Figure 5. AVC 5 HD Statmux system bandwidth distribution
Figure 6. AVC 5 HD Statmux system video quality performance
A third example looks at the use case where a mix of nine SD and two HD channels are included in a Statmux group with a total of 21 Mbps. The previous Statmux algorithm, as illustrated in Figure 7, allocated less bandwidth for the HD channels while the new Statmux algorithm prioritized these channels by reducing bandwidth to the SD channels. The revised bandwidth allocation facilitated by the new Statmux algorithm resulted in much better video quality for the two HD channels, as indicated by Figure 8. Note the 2 dB increase for the average PSNR for the HD channels at a slight reduction in the average PSNR for the SD channels, where once again the visual impact for the SD channels was very minimal. The new Statmux algorithm has a much better visual quality balance between all the channels in the Statmux group.

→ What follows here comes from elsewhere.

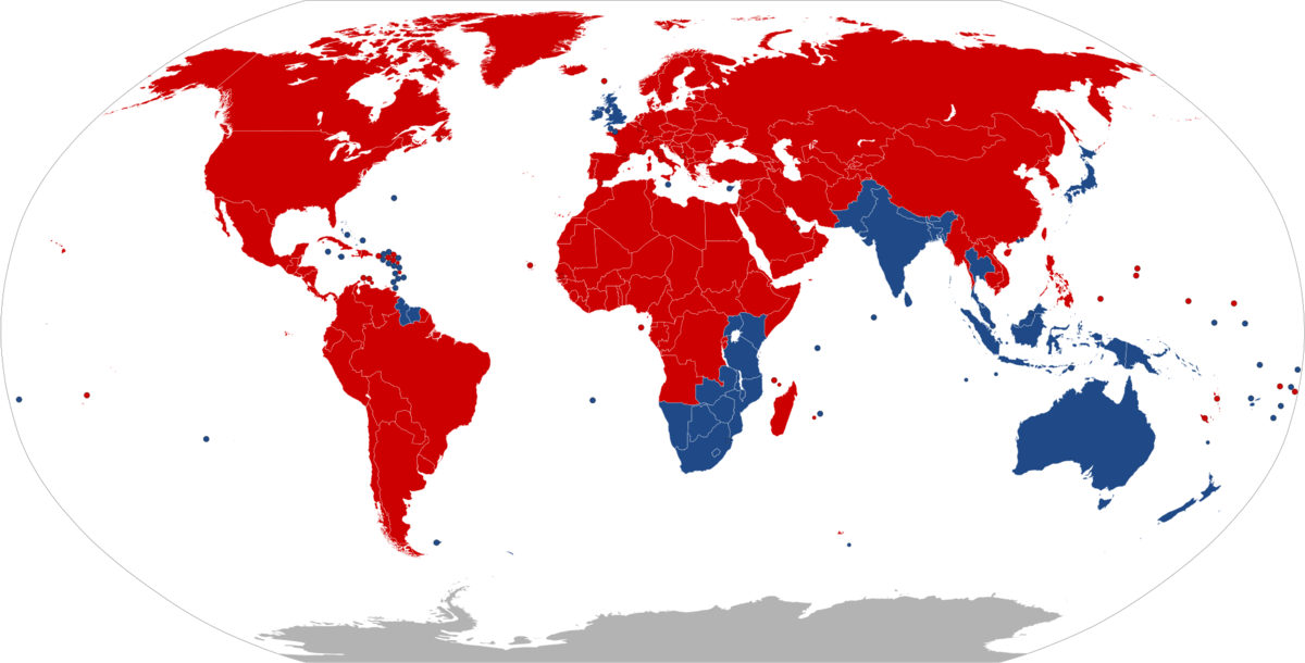 В материале разложим по полочкам все факты образования праворульного и леворульного движения. Сфера распространения леворульных машин и, соответственно, правостороннего движения, несоизмеримо шире, чем у машин с правым расположением важнейшего органа управления. В настоящее время примерно 66% жителей Земли ездит по правой стороне дороге, да и 72% всех дорог планеты правосторонние. А перед началом погружения в пучины правого руля короткий факт: первым массовым автомобилем с левосторонним расположением руля стал Ford T. А все эксклюзивы на тему будущих постов по ссылке (нажми на эту строчку) На картинке синим цветом выделены страны с правым рулем, красным с левым. Обратимся к истокам правого руля Известно, что древние римляне были "праворульщиками". Об этом свидетельствуют археологические находки, среди которых монета, с изображенными двумя всадниками, разъезжающимися по левой стороне дороги. Многие историки полагают, что левосторонняя традиция зародилась именно воинами, ездящими верхом

Figure 7. AVC SD/HD Statmux system bandwidth distribution
Figure 8. AVC SD/HD Statmux system video-quality performance
By using QVBR technology, AWS Elemental Statmux delivers perceptually balanced quality and improves the viewer experience compared to the previous generation statmux. Content or service providers that need to further optimize the efficiency of their statmux solutions are encouraged to consider AWS Elemental Statmux for on-premises use and Statmux for AWS Elemental MediaLive for the cloud to take advantage of the latest Statmux algorithms.